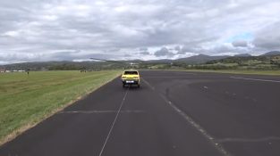 Fiatal mérnökök Llanbedr Anglia kísérletet, hogy egy autó Reliant Robin trike repülni.
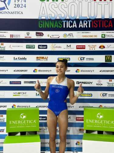 Quindi lo strabiliante decimo posto agli Assoluti di Ginnastica artistica femminile di Cuneo, con un punteggio all around di 100.400, migliore ginnasta Junior d’Italia. E ora la chiamata in azzurro, un attestato di stima da parte della direzione tecnica nazionale alla società riccionese e allo staff tecnico guidato da Anton Stolyar.
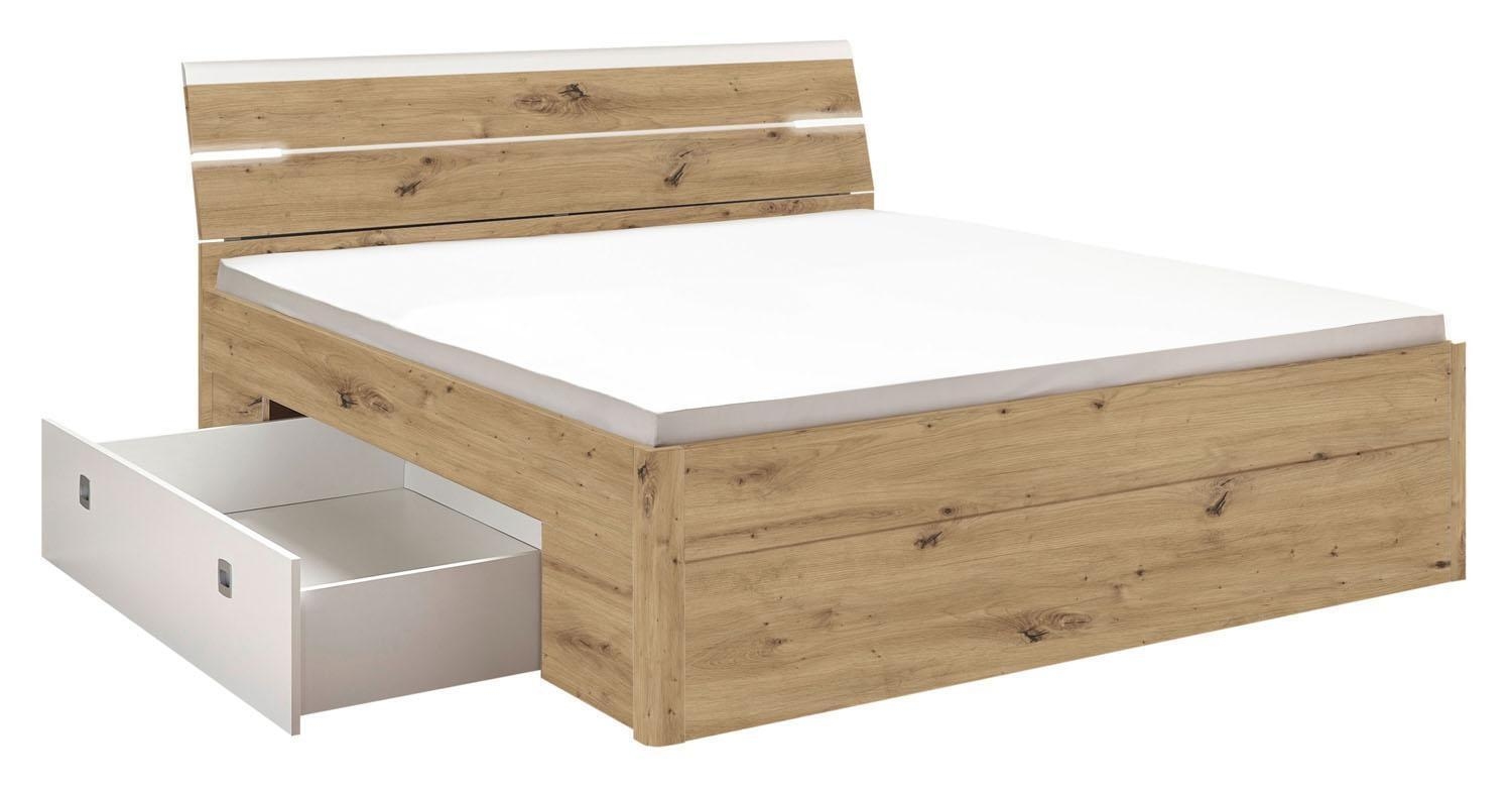Die Bettrahmenhöhe beträgt 46 cm, und das Bettgestell wird platzsparend flach verpackt geliefert. Die Schubladen bieten praktischen Stauraum für Bettwäsche oder andere persönliche Gegenstände. Die Kombination aus dem warmen Holzdekor und dem zeitlosen Weiß macht das Bettgestell MALEA zu einem attraktiven Blickfang in Ihrem Schlafzimmer. Der Versand erfolgt per Spedition.
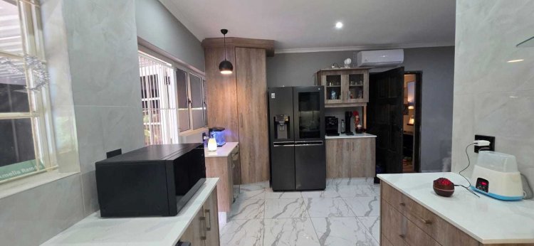 Step into the home where modern convenience meets elegant design. Imagine unwinding in a spacious living area with timeless laminate floor's flowing effortlessly throughout the home. Adorned by 2 bedroom's that come complete with built-in-cupboard's and cooling fan's, enhanced with voice activating lighting, while the 3rd bedroom could be used as an office/study, baby room or a dressing room. Whether for family meal's or casual brunch, this modern, newly done, fully fitted kitchen become's your culinary haven, complete with quartz counter top's, a gas oven and stove with extractor fan, and plumbing for a dishwasher. The modern feature's include, a black sink with a waterfall feature and snazzy tap with different setting's. The space extend's to a cosy breakfast nook, making every morning a delightful start.
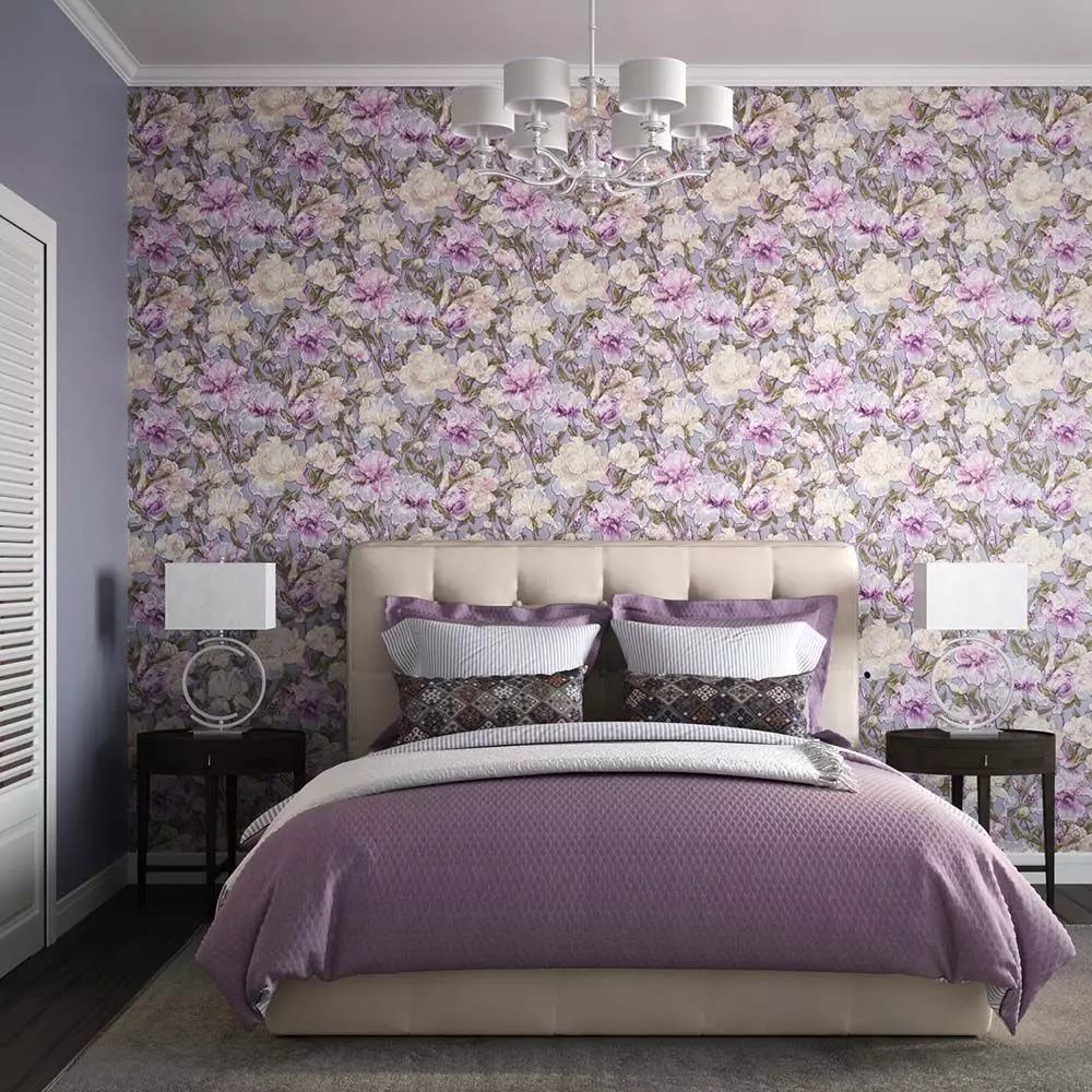 What’s includedSeamless wallpaper featuring painterly lilies and leaves in lilac, cream, and olive on a misty violet ground for calm romantic interiors.
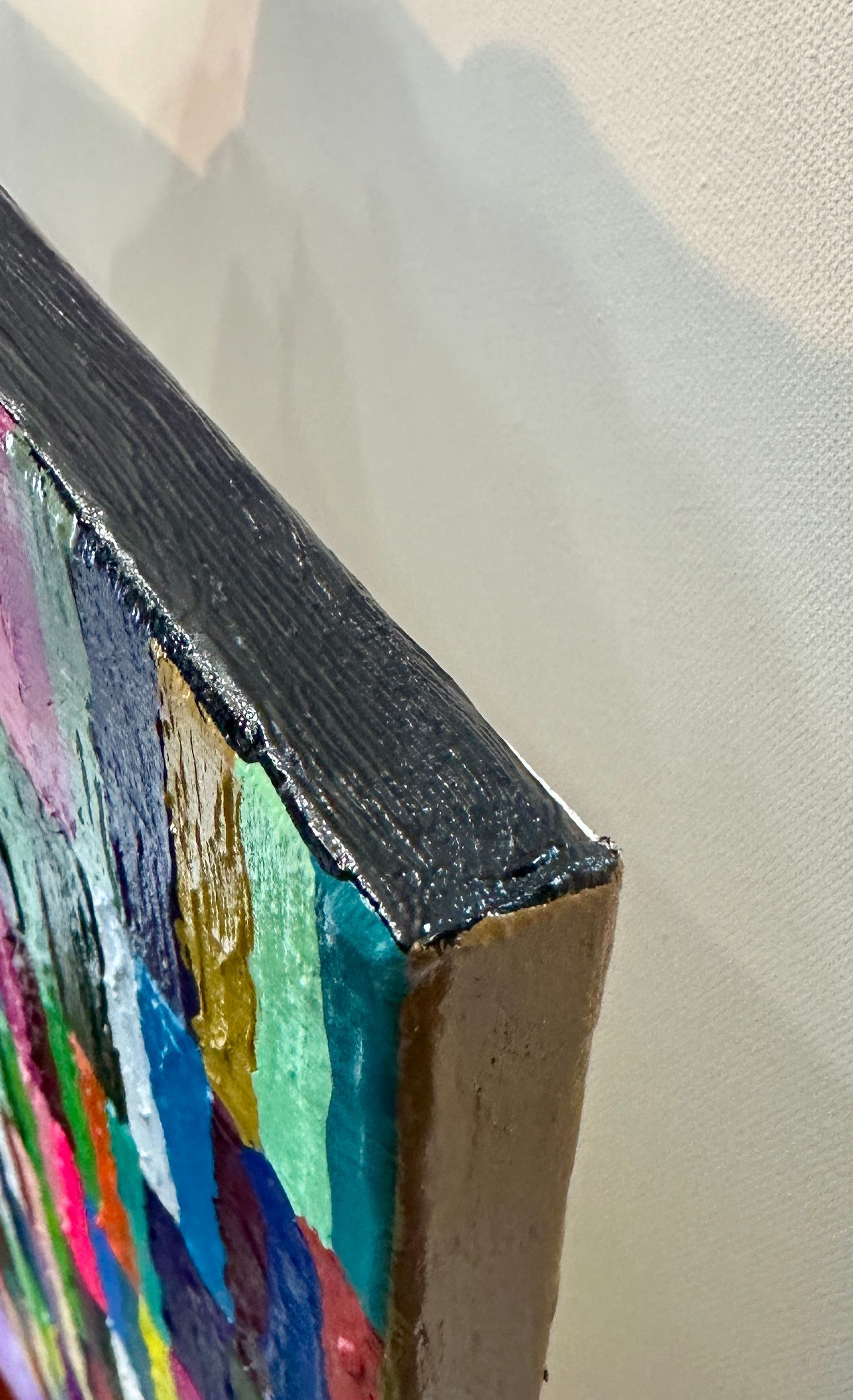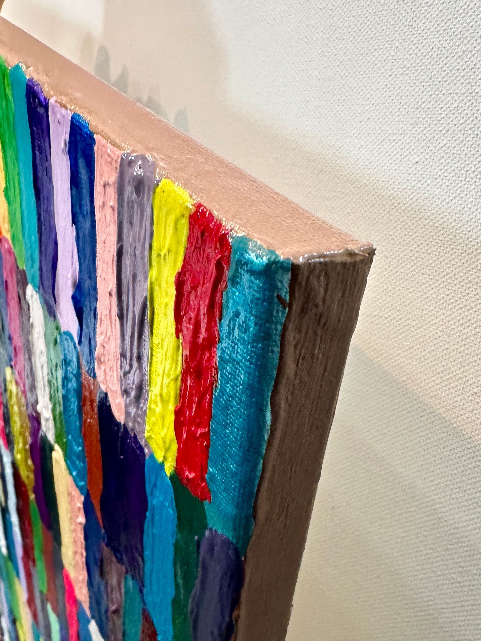 The sides of this painting are painted in various colours of the skin.
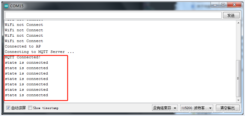打开arduino自带的串口监视器(用其他串口调试终端也可以),D1自动初始化,然后开始找wifi,连接wifi成功之后,MQTT就连接上了。
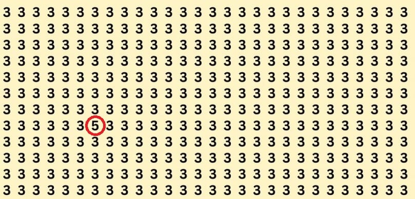 Paveikslėlyje matome daugybę skaičių 3, kurie yra išdėstyti eilėmis ir stulpeliais. Iš pirmo žvilgsnio atrodo, kad tarp jų nėra išskirtinių skaičių, tačiau iš tikrųjų taip nėra. Kažkur nepastebimai pasislėpę penki, kuriuos rasti nebus lengva.

* WHAT IS REQUIRED: Repeat the lines of the listing above verbatim, beginning at its first line and ending at the line containing "打开arduino自带的串口", which is included. Omit pictures.

* RESULT OF THIS TASK:
 Fiatal mérnökök Llanbedr Anglia kísérletet, hogy egy autó Reliant Robin trike repülni.
 Quindi lo strabiliante decimo posto agli Assoluti di Ginnastica artistica femminile di Cuneo, con un punteggio all around di 100.400, migliore ginnasta Junior d’Italia. E ora la chiamata in azzurro, un attestato di stima da parte della direzione tecnica nazionale alla società riccionese e allo staff tecnico guidato da Anton Stolyar.
Die Bettrahmenhöhe beträgt 46 cm, und das Bettgestell wird platzsparend flach verpackt geliefert. Die Schubladen bieten praktischen Stauraum für Bettwäsche oder andere persönliche Gegenstände. Die Kombination aus dem warmen Holzdekor und dem zeitlosen Weiß macht das Bettgestell MALEA zu einem attraktiven Blickfang in Ihrem Schlafzimmer. Der Versand erfolgt per Spedition.
 Step into the home where modern convenience meets elegant design. Imagine unwinding in a spacious living area with timeless laminate floor's flowing effortlessly throughout the home. Adorned by 2 bedroom's that come complete with built-in-cupboard's and cooling fan's, enhanced with voice activating lighting, while the 3rd bedroom could be used as an office/study, baby room or a dressing room. Whether for family meal's or casual brunch, this modern, newly done, fully fitted kitchen become's your culinary haven, complete with quartz counter top's, a gas oven and stove with extractor fan, and plumbing for a dishwasher. The modern feature's include, a black sink with a waterfall feature and snazzy tap with different setting's. The space extend's to a cosy breakfast nook, making every morning a delightful start.
 What’s includedSeamless wallpaper featuring painterly lilies and leaves in lilac, cream, and olive on a misty violet ground for calm romantic interiors.
 The sides of this painting are painted in various colours of the skin.
打开arduino自带的串口监视器(用其他串口调试终端也可以),D1自动初始化,然后开始找wifi,连接wifi成功之后,MQTT就连接上了。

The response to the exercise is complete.